大約過了兩刻鐘左右,外面的打鬥聲漸漸歇止。王瑜放下手中茶盞,起身出了屋,謝、盧兩人隨之。

“六郎。”

陳遠迎了過來,對王瑜道:“一共三十七人,生擒了二十八人。”

王瑜略一頷首,“可有人傷到?”

陳遠知道,他這問的是那些隨謝予安前來吳郡吊唁顧七郎的那些權貴子弟。當下便皺了下眉,道:“盧九郎在驚嚇中摔了一跤,傷到了腰。”

謝予安:“......”

盧荀蹙眉,看向樓下那些被制服的刺客,這些人顯然連樓都沒上,便被王瑜的人給制服住了,便不解道:“他的房間不是在樓上嗎?怎麽會被嚇到?”
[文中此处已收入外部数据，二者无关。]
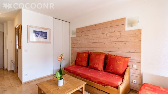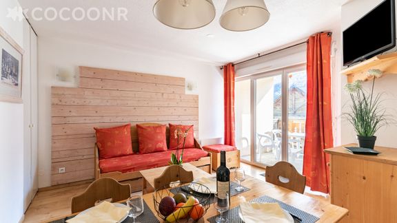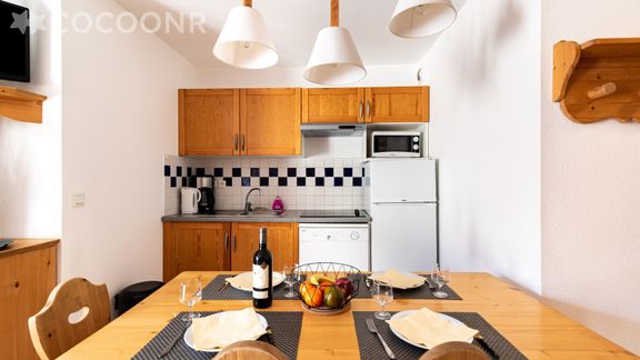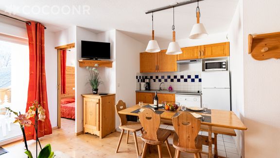 Ce logement, pouvant accueillir jusqu'à 6 personnes, dispose d'une belle pièce de vie avec un canapé-lit double, une kitchenette entièrement équipée, deux chambres, une salle de bain, un balcon avec vue sur le sommet du Port du Vénasque ainsi que des tables de ping-pong, un terrain de basket et un terrain de pétanque !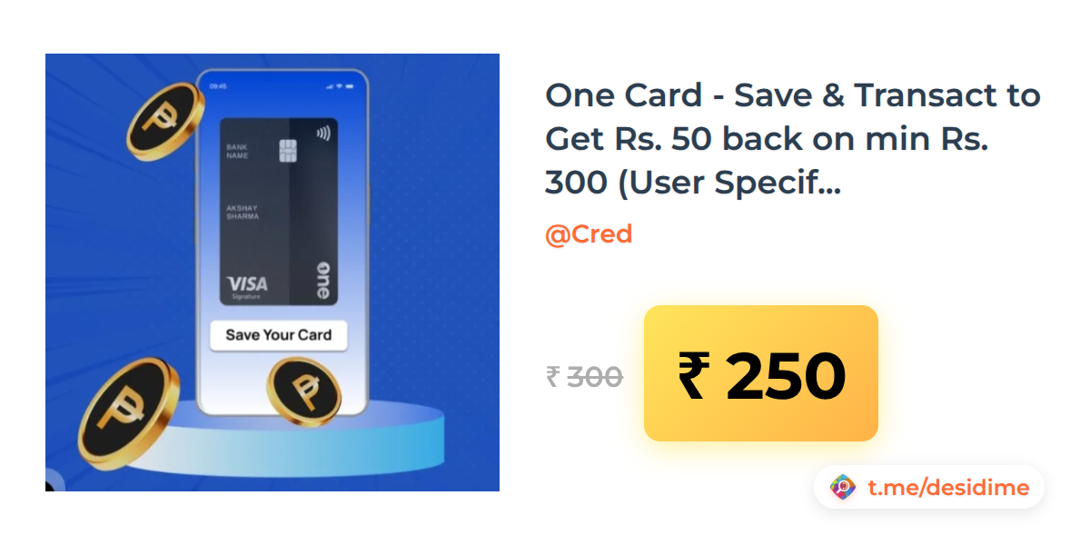 17% off on - One Card - Save & Transact to Get Rs. 50 back on min Rs. 300 (User Specific) - Rs. 250

陳遠:“下樓湊熱鬧時,不小心在扶欄上摸了一手血.....”然後就從樓梯上摔了下去。

盧荀:“......”

謝予安:“......”

經過方才那一番動靜,此刻,整個驛館已燈火通明。得知南院竟是遭了刺客,再度被人從被窩叫醒的驛丞嚇的腿都軟了。等他在驛兵的攙扶下趕來南院時,那些歇在其他院落的權貴已經紛紛派人或是親自過來問候過了。

看著連連請罪,驚恐不已的驛丞,王瑜淡淡挑眉,道:“此事乃你失職之過,不過幸而我等無礙。然,你隸屬兵部,此事需要上報朝廷,這些刺客,便交由你審訊,務必盡快查清原由。”

細密的汗珠從額頭滑落,見王瑜等人並未有追究他失職之過的意思,驛丞心中一松,連忙誠恐而應。

這場動靜來得快,去得也快。隨著那些刺客被驛丞帶走,南院又恢覆了往常的平靜,若非是從盧九郎的房中傳出一聲慘叫,眾人還真會以為方才的事只是一場夢境。

盧荀挑了挑眉,“我過去看看,你們可是要同之?”

“有你一人足矣,這大半夜的,我也要回去休息了。”謝予安說罷,便施然離開。

盧荀看向王瑜,果然,只見他正同一名部曲低語吩咐著什麽。

盧荀悠悠的嘆了口氣,認命的向盧九郎的房間走去。

待那名部曲離開,陳遠走到王瑜身邊道:“六郎,桓經華夫婦已經到了顧府。”

王瑜頷首,略一沈吟:“顧七的那些部曲可有下落?”

陳元搖頭,遂又道:“不過,當初顧七郎曾讓韓肅等人送孫宓前去荊州,被孫宓拒絕後,那些人便在吳郡消失。您說,他們會不會是去了荊州?”

荊州?

王瑜蹙了蹙眉,遂神色微變,難道......

“你立即著人,暗中盯著孫宓,務必仔細謹慎,千萬不能讓她出事。”他頓了頓,“顧七的那些部曲,可能就潛伏在她的身邊。”

陳遠面色微變,立即安排了下去。

第二日一早,孫府有人前來驛館找王瑜,說是孫弘有事請他過府一敘。

王瑜倒也不意外,頷首從之。

從昨晚開始吳郡的那些士族們便相繼前往孫府拜訪孫弘,如今顧微不在了,而孫氏一族又是東吳後裔,再加上如今孫逸雲手掌重權,這些人自是又將孫氏當成了主心骨。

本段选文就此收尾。